People trust technology more than humans when managing their finances
The financial uncertainty generated by COVID-19 has changed who and what we trust to manage our finances. Consumers and managers are relying more and more on technology, even more than others, for help to better navigate today’s financial complexity:
67% of consumers and managers trust artificial intelligence more than a human being to manage their finances. 73% of managers trust AI more than themselves to manage their money; 77% love chatbots or digital assistants more than their own finance teams. Almost 9 in 10 managers (89%) believe that AI can improve its work by detecting fraud (34%), generating invoices (25%) and performing a cost / benefit analysis (23%). 53% of consumers trust technology more than themselves to manage their finances; 63% trust AI more than any other personal financial advisor. 66% of consumers believe that technology can help: detect possible fraud (33%), reduce their expenses (22%) and make investments in the stock market (15%).

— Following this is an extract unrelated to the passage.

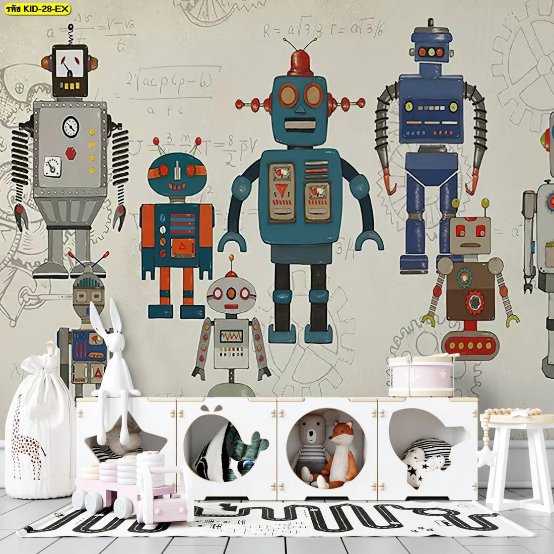 ห้องเด็กธีมหุ่นยนต์วินเทจสไตล์วาดมือ

The role of teams and financial advisors will no longer be the same
To adapt to the growing influence of technology, corporate finance professionals and personal financial advisors must embrace change and develop new skills:
56% of executives believe that technology will replace corporate finance professionals in the next five years. 85% of executives would like chatbots or digital assistants to help with financial tasks, including approvals (43%), budgeting and forecasting (39%), reporting (38%), and compliance and risk management (38%). Executives want corporate finance professionals to focus on communicating with clients (40%), negotiating discounts (37%), and approving transactions (31%). 42% of consumers believe AI will replace personal financial advisers within the next five years. 76% of consumers want technology to help them manage their finances, free up their time (33%), reduce unnecessary expenses (31%), and ensure payments on time (31%). Consumers also want personal financial advisors to provide advice on relevant purchasing decisions, such as buying a home (45%), a car (41%), or planning for retirement (38 %).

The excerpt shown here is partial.